The slightly longer version is that Per grew up in Sweden, but moved to Norway in 1987 to work as a bartender and club manager in Oslo. At the turn of the millennium, he built up two event businesses and worked with larger communication strategies and event solutions, both nationally and internationally. But it was then, at the end of the 2000s, his gut feeling lured him into a rather different path. Per had long been passionate about photography and decided to jump right in and get away from the career circus to the benefits of a freer life.
– The last years within event felt like I was simply compromising with my own values and what and where I wanted to be. So, I followed my gut, got off the career ladder, and went all in as a photographer – which felt completely natural because I had always photographed. During my first years as a professional photographer, I worked solely with food.

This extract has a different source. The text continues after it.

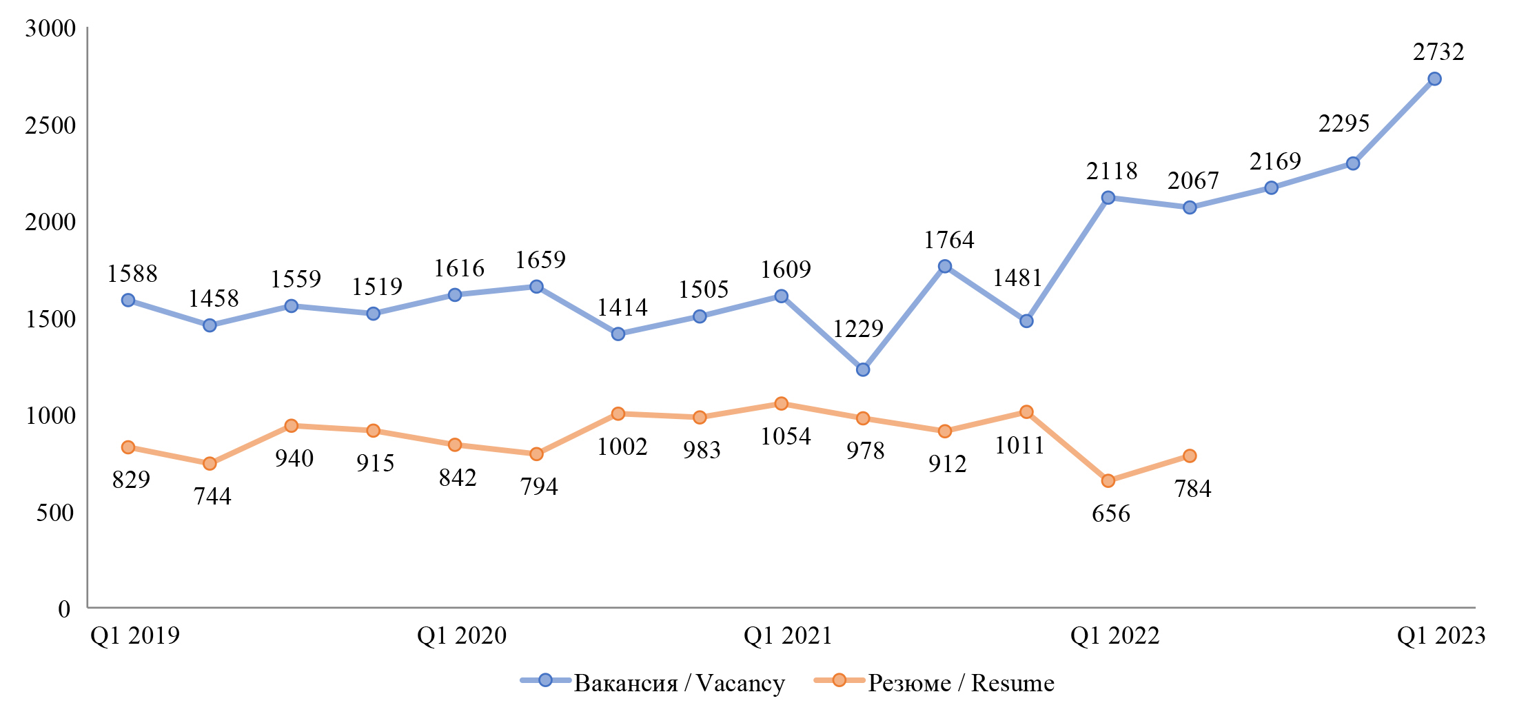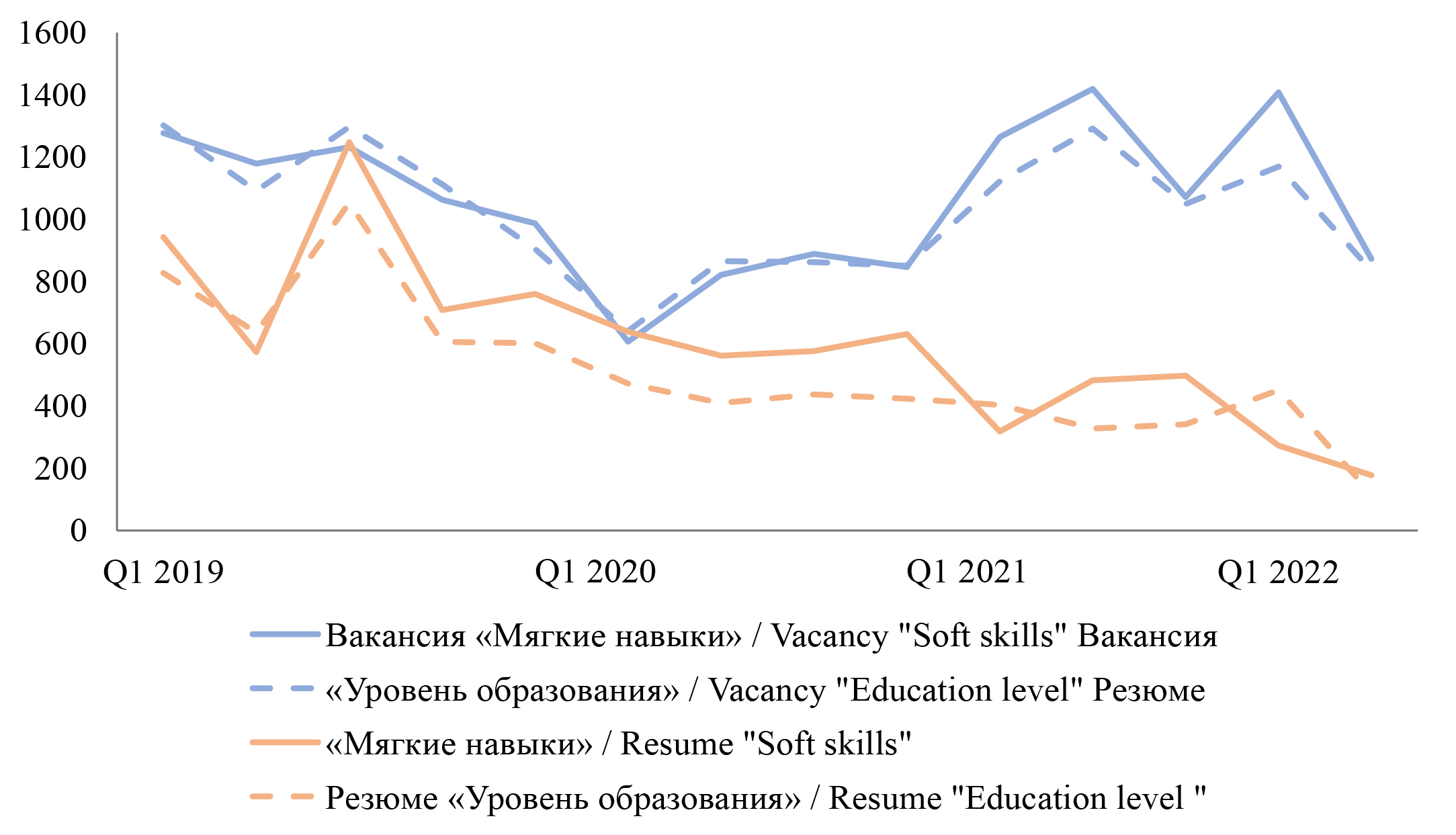 Рис. 8. Динамика упоминаний должностных обязанностей «мягкие навыки» и «уровень образования» в вакансиях и резюме, 2019–2023 гг.

And then it just continued. Per’s way of photographing food leaned already early on towards the documentary. Less of simply food on a plate and more history behind the food. The farmer’s work with food production. The chef’s world and view of food. From ground to table in many regards. Today, Per works as a photographer, producer for a major prize on sustainable food (matprisen.no), and tree feller.
– I have made the conscious decision to be nice to myself and do what stimulates and engages me. Because I’m freelance, I have the opportunity to work with what interests me. By exploring and learning more about what I’m involved in, I’ve gotten more joy in working.
But of course, it isn’t only because of the above that Per appears as a Lundhags friend. Per is also a dedicated outdoor person, year-round. From growing up in Falun, Sweden, with a skateboard, rollerskates and DJ-spirit, if anything as a reaction against the expected team sports and skiing, Per eventually end up in contexts where climbing, diving and kayak dominated. What about skating on natural ice? It’s perhaps the way most people recognize Per Sollerman’s outdoor life today. Well, this was just some strange sport that older guys in cotton anoraks did for a long time.
– With the move to Norway, I became interested in everything you could do with sea and forest around the corner. I became simply curious about the frozen element. And after purchasing skating equipment, I got in contact with the local enthusiasts who went Nordic skating in Oslo, which were pretty few. I was lucky to meet the most keen and knowledgeable on Østlandet.
– On the first sea tour I joined, about 10 years ago, we skated between 80 and 100km, out to the Hvaler islands (Bohuslän/Strömstad region), that tour I especially remember. It was something that I had never experienced before. Out to the edge of the ice and to the open sea, in between islands and narrow capes. Brilliant sun and essentially no wind on ice that was so new, you could see wave movements in the ice from the skaters in front of us. When we found our way back to land late in the afternoon and got the amazing sunset, I was sold.
– No two days on the ice are the same. Ice is dynamic and under constant development, and in particular, it’s ever-evolving. The incredible black blue ice from one day can be something completely different a few days later. This means that you have to constantly treat ice as something that you (literally) have never encountered before. I’ve previously climbed a lot and you can draw many parallels to on-sight climbing.
When discussing nature experiences with Per Sollerman, he will gladly tell of the calm it affords him and of the almost magical healing effect a walk in the forest or a skating tour can give.
– The Japanese have a saying they call Shinrin yoku. Literally translated, it’s something like a forest shower or forest bath. If I’m out on skates, skis, take a tour in the forest with the dog or work in the forest, I feel the forest bath. The energy and calm come quietly. It makes me more present and focused.
Name: Per Sollerman
Lives: Oppegård in the winter and Hvitsten in the summer. Both places are 20km outside of Oslo in Norway.
Profession: Photographer, producer for matprisen.no and tree feller. “Life is lived best as a freelance”.
Other interests besides skating: Music and photo.
Three important: Solita the dog, the family and the cottage near the fjords in Oslo.
Motto: “Everything you do has been done”
Favorite garment, fall and winter: Viik MS Hoodie and KRING MS Jacket and Pants on the ice.
Favorite boot: “Vandra Mid both during the summer and as a city boot during the winter. On the ice, my Guide BC are unbeatable.”
Favorite season: “Because I start thinking about ice in July every year, so it’s no surprise that I like fall and winter.”
Tips for beginners on skates: “Have respect for natural ice – it’s under constant development. Your “eyes” on the ice are your ice pikes. Listen to the ice’s clang, it reveals the thickness of newly formed ice. Ice knowledge take time to learn. Skate and learn from more experienced. Ask questions and be curious. Find out about your local club or organization, join an intro-day, take a course about ice knowledge and safety. But especially, skate a lot and test different types of ice”.